_Instructions to follow_
In this exercise, retype exactly and only the lines from the top of the entries below through the line that holds "Full-Surface Fast Heating", omitting pictures.

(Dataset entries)
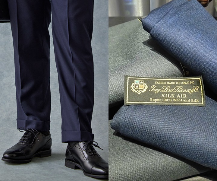 “オシャレは足元から”と言われるように、スーツスタイルにおいて、ジャケットのサイズが合っていてもパンツの裾のシルエットがダボついてしまうと残念な見た目になってしまいます。パンツ(スラックス)をオーダーする場合は、パンツの裾幅の寸法と裾丈のバランスが整っているとより綺麗に見えます。
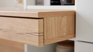 Kombiniere den Schreibtisch mit weiteren Elementen der Serie – etwa Sideboards, Regalen oder Vitrinen – und gestalte so ein stilvolles Homeoffice, das Funktionalität und Wohnlichkeit perfekt verbindet. So entsteht ein Arbeitsbereich, der dich jeden Tag motiviert und inspiriert.
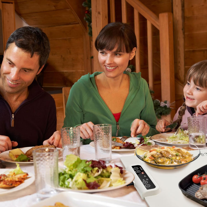 Full-Surface Fast Heating & Energy-Efficient : Our Heating Mat boasts a larger heating area with a meticulously arranged extensive heating wire, ensuring even and rapid warming. As soon as you select a temperature, the mat can warm up in as fast as 10 seconds. You can arrange your tableware freely as your dishes warm up effortlessly.
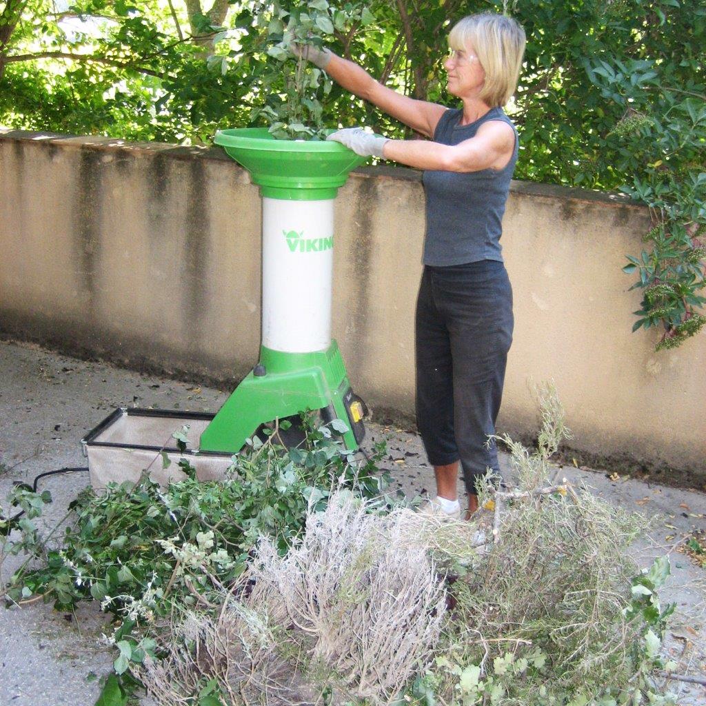 Avant d’ajouter au compost tous ces matériaux, la plupart doivent passer par le broyeur. Oui c’est un achat onéreux, mais cela vaut l’investissement. Les matériaux broyés font un compost magnifique en un rien de temps et différents matériaux peuvent servir à différentes choses dans le jardin, Par exemple comme mulch ou aussi en couverture d’allée de jardin. J’ai essayé plusieurs modèles de broyeur et finalement c’est le Viking GE 220 (remplacé par le GE 250) qui marche le mieux. Il accepte n’importe quoi, alors que d’autres marques comme le Eliet Neo, ne digèrent pas bien les matériaux verts et le mécanisme de broyage expulse beaucoup de poussière en pleine figure.
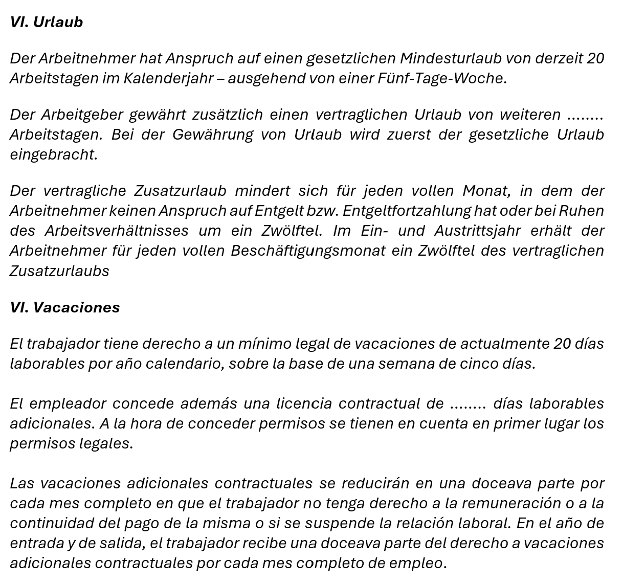 Concediéndole el beneficio de la duda, me planteé si realmente esta herramienta era tan eficiente como se prometía, y me lancé a probarla, abierta a desmontar todos mis prejuicios. Tomé una plantilla de contrato temporal de la Cámara de Industria y Comercio alemana (IHK) (que encontraréis aquí) y la traduje al español.
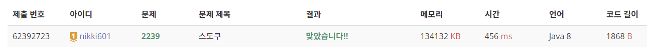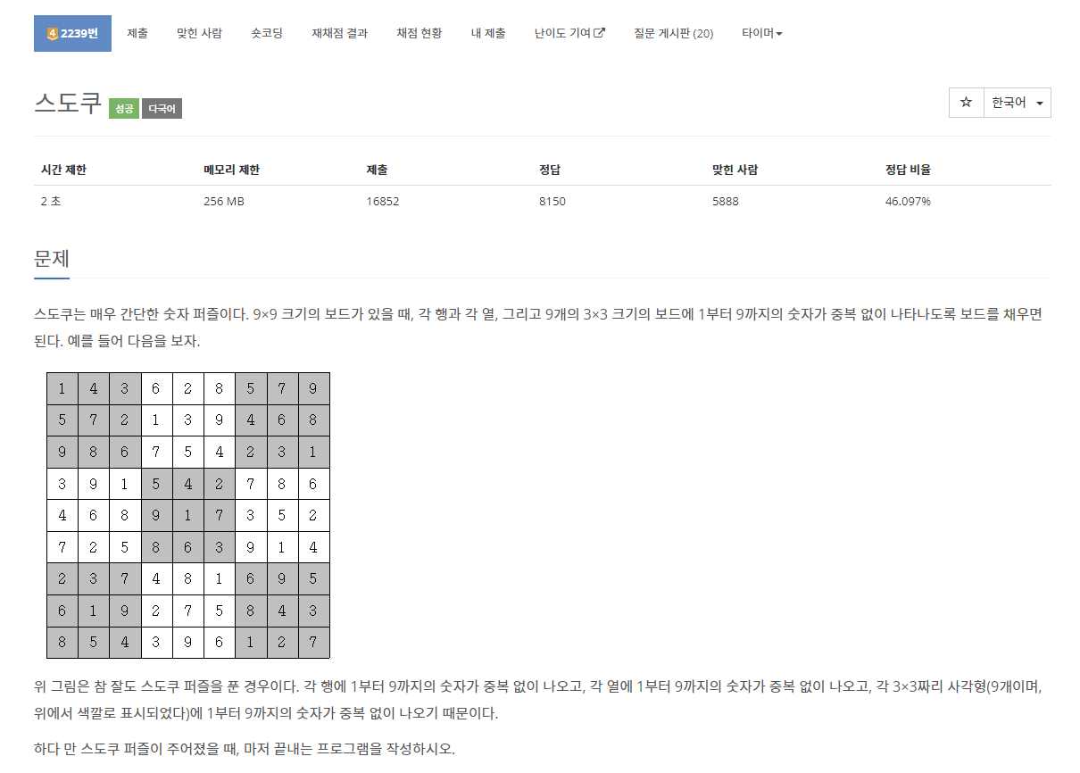 2239번: 스도쿠

_Answer box_
 “オシャレは足元から”と言われるように、スーツスタイルにおいて、ジャケットのサイズが合っていてもパンツの裾のシルエットがダボついてしまうと残念な見た目になってしまいます。パンツ(スラックス)をオーダーする場合は、パンツの裾幅の寸法と裾丈のバランスが整っているとより綺麗に見えます。
 Kombiniere den Schreibtisch mit weiteren Elementen der Serie – etwa Sideboards, Regalen oder Vitrinen – und gestalte so ein stilvolles Homeoffice, das Funktionalität und Wohnlichkeit perfekt verbindet. So entsteht ein Arbeitsbereich, der dich jeden Tag motiviert und inspiriert.
 Full-Surface Fast Heating & Energy-Efficient : Our Heating Mat boasts a larger heating area with a meticulously arranged extensive heating wire, ensuring even and rapid warming. As soon as you select a temperature, the mat can warm up in as fast as 10 seconds. You can arrange your tableware freely as your dishes warm up effortlessly.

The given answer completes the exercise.